Retail Real Estate: Rattled Yet Resilient

As in most markets in the United States, the Tucson retail real estate market strained in the third quarter to adapt to the realities of COVID-19 era business. Some large format retailers already pressured by online retailing and changing consumer preferences have simply been unable to continue operation.

The second quarter closing of Macy’s at Park Place Mall (153,511 square feet (sf)) was followed by JC Penney’s at El Con (220,291 sf). These closures have happened on the heels of bankruptcy proceedings for GNC, Victoria’s Secret, Pier One Imports, Stein Mart, Papyrus, Stage, Brooks Brothers, Tuesday Morning, and others impacting shopping malls most heavily.


As a result, malls in Tucson currently post the highest vacancy rate of any retail subtype at 10.9%. This stands in stark contrast to low vacancy rates at Power Centers (2.1%) and General Retail (2.9%). The lower vacancy rates in both subgroups may be due to a combination of greater potential for adaptive reuse (office, medical, etc.) and the relative tolerance to COVID-19 impacts as open air structures.

Overall aggregate retail vacancy rates will continue to appear high until these major mall vacancies are either re-tenanted or, more likely, re-purposed. Unfortunately, the stresses of the current pandemic have not been restricted to malls and large retailers.

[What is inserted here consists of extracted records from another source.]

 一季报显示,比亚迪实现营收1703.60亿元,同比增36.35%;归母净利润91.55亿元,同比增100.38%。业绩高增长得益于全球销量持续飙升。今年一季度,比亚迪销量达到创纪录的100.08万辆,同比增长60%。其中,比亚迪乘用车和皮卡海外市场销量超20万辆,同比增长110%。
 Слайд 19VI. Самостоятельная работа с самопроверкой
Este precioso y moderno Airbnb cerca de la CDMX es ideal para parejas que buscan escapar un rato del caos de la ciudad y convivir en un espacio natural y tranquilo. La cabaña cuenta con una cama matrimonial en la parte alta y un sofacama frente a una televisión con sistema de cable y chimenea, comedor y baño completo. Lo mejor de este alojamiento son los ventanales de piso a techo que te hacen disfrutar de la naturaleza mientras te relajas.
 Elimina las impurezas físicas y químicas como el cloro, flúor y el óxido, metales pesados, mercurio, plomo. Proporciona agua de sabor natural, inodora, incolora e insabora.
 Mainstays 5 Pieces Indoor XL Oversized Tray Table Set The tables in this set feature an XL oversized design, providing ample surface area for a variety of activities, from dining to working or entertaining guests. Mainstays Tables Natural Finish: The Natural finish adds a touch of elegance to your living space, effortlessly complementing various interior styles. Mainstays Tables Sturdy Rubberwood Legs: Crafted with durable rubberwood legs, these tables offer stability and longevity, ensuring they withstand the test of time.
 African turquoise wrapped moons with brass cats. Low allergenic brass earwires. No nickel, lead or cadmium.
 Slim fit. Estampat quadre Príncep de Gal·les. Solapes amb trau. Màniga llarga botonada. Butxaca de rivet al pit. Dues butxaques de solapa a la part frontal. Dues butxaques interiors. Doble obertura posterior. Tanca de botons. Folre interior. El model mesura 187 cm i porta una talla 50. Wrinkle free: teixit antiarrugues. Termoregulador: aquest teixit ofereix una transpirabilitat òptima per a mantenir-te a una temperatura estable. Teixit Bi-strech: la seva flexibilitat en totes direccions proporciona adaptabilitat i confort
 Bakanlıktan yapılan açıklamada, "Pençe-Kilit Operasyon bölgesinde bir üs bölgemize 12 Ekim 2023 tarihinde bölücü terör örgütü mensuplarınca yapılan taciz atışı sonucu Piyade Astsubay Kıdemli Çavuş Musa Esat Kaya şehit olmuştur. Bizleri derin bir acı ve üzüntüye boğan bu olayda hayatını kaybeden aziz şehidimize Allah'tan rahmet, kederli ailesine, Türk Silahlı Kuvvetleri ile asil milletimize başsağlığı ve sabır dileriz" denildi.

The Tucson restaurant market lost some mainstays and community favorites with the recent closure of Athens on 4th, Alibaba Mediterranean, Rincon Market, Gee’s Garden, and Café Poca Cosa. Restricted operating guidelines set forth by the Pima County Health Department have created a restaurant business environment that many local operators simply cannot withstand. Despite these closures, many new restaurateurs planned openings, seizing opportunity during disruption.


Amid the COVID-19 pandemic, more than 20,000 businesses in Arizona received economic relief from the federal government. Arizona’s unemployment rate has fallen from 10.7% in July to 5.9% in September due to nearly 80,000 jobs being added in August.

Job gains were posted across ten private sectors, with the largest increases seen in health services, education, and transportation.

After reaching a high of 13.1% in April, Tucson’s unemployment correlated closely to the state’s, falling from 10.7% in July to 5.9% in September versus a national unemployment rate of 8.8%.



Even under the current COVID-19 related constraints, the end of Q3 saw a 12-month rent growth of 2.5% year-over-year to post an average triple net (NNN) market rent of $17.86 per square foot (psf) per year. This is an excellent indicator of the overall vibrancy of the retail market in Tucson.

Positive rent growth at a 6.4% vacancy rate highlights that the vacancy statistics are skewed by shopping mall and big box vacancy. When mall inventory and vacancy are backed out of the overall retail inventory and vacancy, the result is a non-mall vacancy rate of 5.9%, consistent with the positive, but moderate, rent growth that the Tucson retail market has experienced.